# Statistical QuestionJune 16, 2007 7:19 PM   Subscribe

(1) When doing an inter-rater reliability study, does Rater A always have to be paired with Rater B, and Rater C with Rater D, etc? Or can Rater A be paired with Rater B sometimes and Rater C other times? (2) When trying to determine the appropriate sample size for this kind of study, is the N based on the total number of subjects rated, or on the number of subjects each pair of raters rates?

This is required for determining the number of subjects to rated in a study that is currently being designed.
posted by kenberkun to Science & Nature (2 answers total)

In general, it does not seem to me that using different pairings of raters would lead to an improper conclusion.

However, there is a huge caveat here-- I can't really give good direct advice here because I do not know enough about the ratings you are comparing and the precise method you are using to generate your inter-rater reliability measure.

It may be that the exact test you are trying to use has as an assumption that all of the inter-rater pair difference scores are independent. If your statistical test does not consider this, you may be (probably slightly, but more so if you have fewer pairs) violating the underlying assumptions of the test.

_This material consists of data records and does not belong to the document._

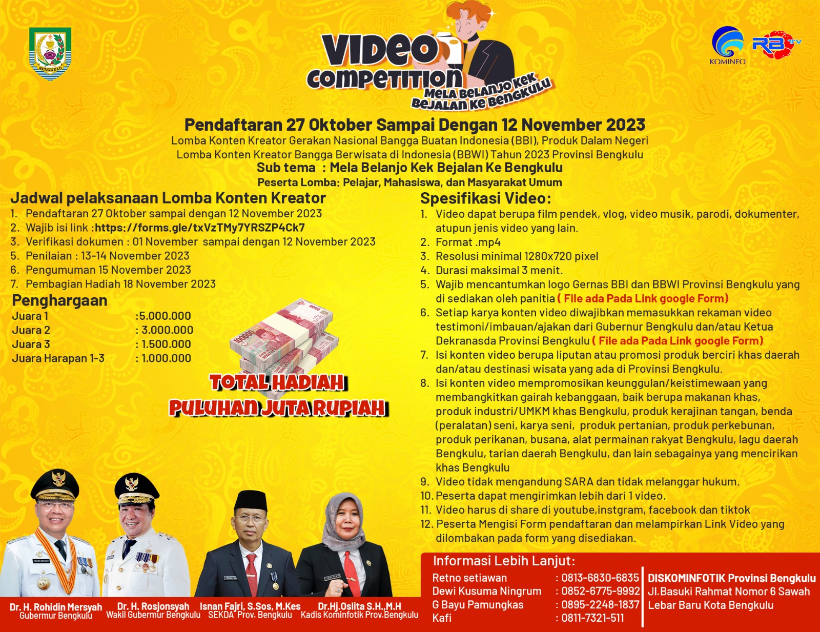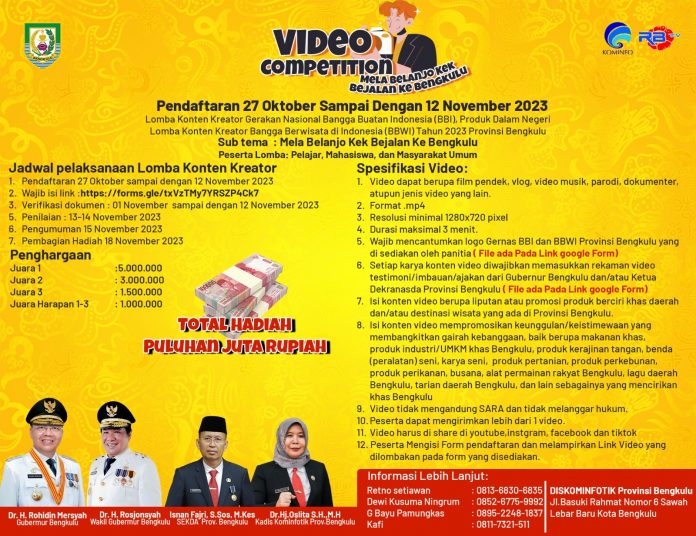 Coverpublik.com,Bengkulu- Kabar gembira bagi masyarakat provinsi Bengkulu bahwasanya dinas kominfotik provinsi Bengkulu gelar Lomba konten kreator gerakan nasional bangga buatan Indonesia ( BBI ) produk dalam negeri dan konten kreator bangga berwisata di Indonesia ( BBWI ) tahun 2023 provinsi bengkulu.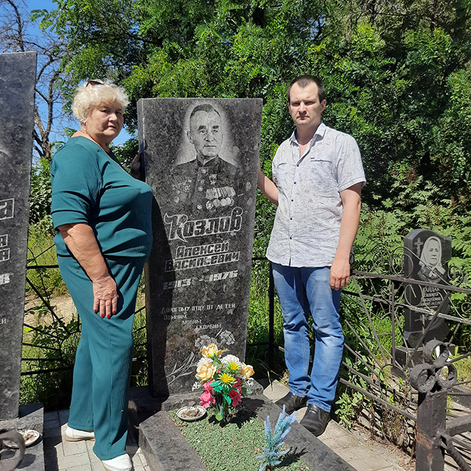 | 4. Ведущий археограф ЗГА в г.Речице С.А. Жарносенко и председатель Лоевской районной организации БООВ Т.А. Башлакова у могилы Героя Советского Союза А.В. Козлова |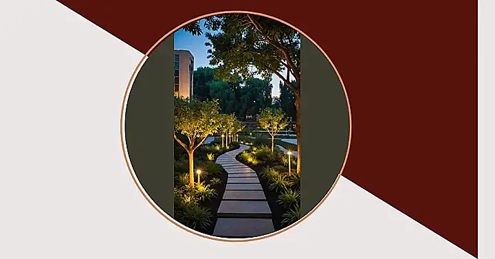 Finding a cool spot in the middle of a city can feel like a quest, right? Well, check out this picture – it’s like the pathway itself is rolling out the red carpet, but for nature. Those fancy lights aren’t just there to stop you from tripping over a rogue squirrel; they’re basically saying, “Welcome to the chill zone!” It’s all part of making boring city bits way more interesting, like turning a concrete maze into a secret garden path you actually want to follow.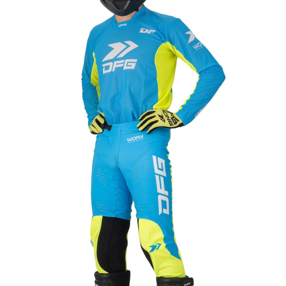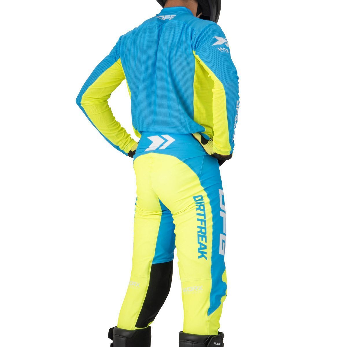 【ダートフリーク ワークスジャージ チャンプ ブルー/ フローイエロー バイク 軽量ストレッチメッシュ素材 アタックポジション 】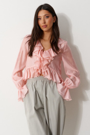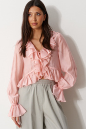 Блузка из полотна розового цвета. Характеристика: свободное облегание, укороченная, горловина V-образная, с притачной рюшей по всей длине горловины, борта и низа, застежка на шнурки-завязки, рукав втачной одношовный, притачной манжетой в виде волана. Длина рукава от края головины 79 см. Длина по спинке 51 см.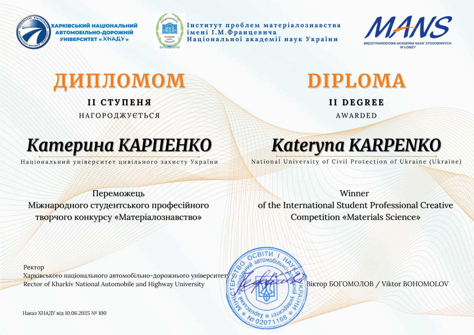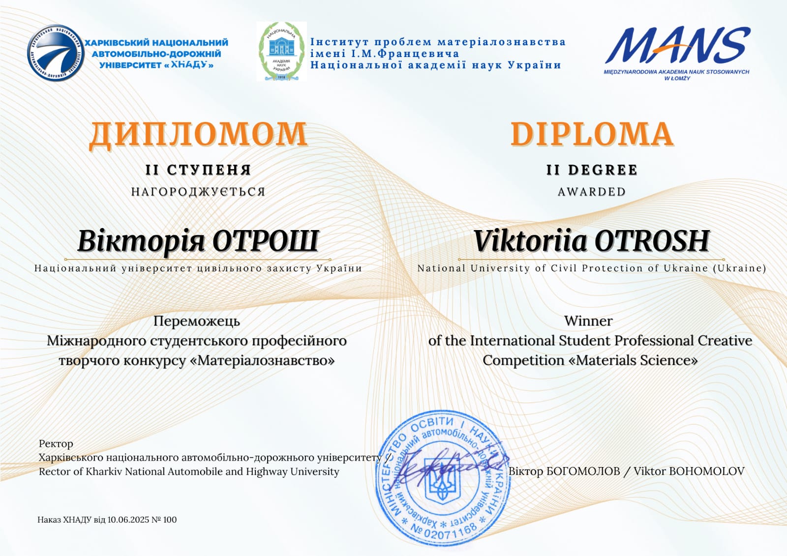 - Отрош В.Ю., Карпенко К.М. - переможці Міжнародного студенського професійного творчого конкурсу "Матеріалознавство". Диплом ІІ ступеня, 2025 рік.

Maybe another test that explicitly allows you to pair the same rater against multiple other raters, and accounts for this repetition, would be better.

Just as an example, say you have four people grade the same 5 things apiece. You can compare the discrepancies of scores between A-B, A-C, A-D, B-C, B-D, and C-D, and have six measures.

Or, you could do the same thing with twelve people grading 5 things apiece. Your pairs would be A-B, C-D, E-F, G-H, I-J, and K-L, yielding six measures.

Both experiments apparently give six measurements. You have saved a lot of work in the first case, but the problem is that the first test uses the same rater more than once. If rater A gives horrible ratings, he will throw off half of the measurements in the first case, but only 1/6 measurements in the second case.

I hope this is a little helpful, and again, I can only give advice of limited usefulness without knowing more. Any more hints you can give?
posted by Maxwell_Smart at 8:50 PM on June 16, 2007 [1 favorite]

If this is at all serious, there seems to be a substantial literature on different approaches to measuring intercoder reliability under different circumstances, and you should consult that to see what methods best fit your circumstances. Googling "measuring intercoder reliability" turned up a stable of references.

There are certainly methods to estimate the extent to which different people say the same thing in response to the same stimulus -- vote scaling is a prominent example.

But whether you can do it, and should do it, is a different story. What you want to do is whatever the standard is for your type of study. Don't go off inventing something new (unless the whole point of your study is to assess different methods of ICR measurement)
posted by ROU_Xenophobe at 11:51 PM on June 16, 2007 [1 favorite]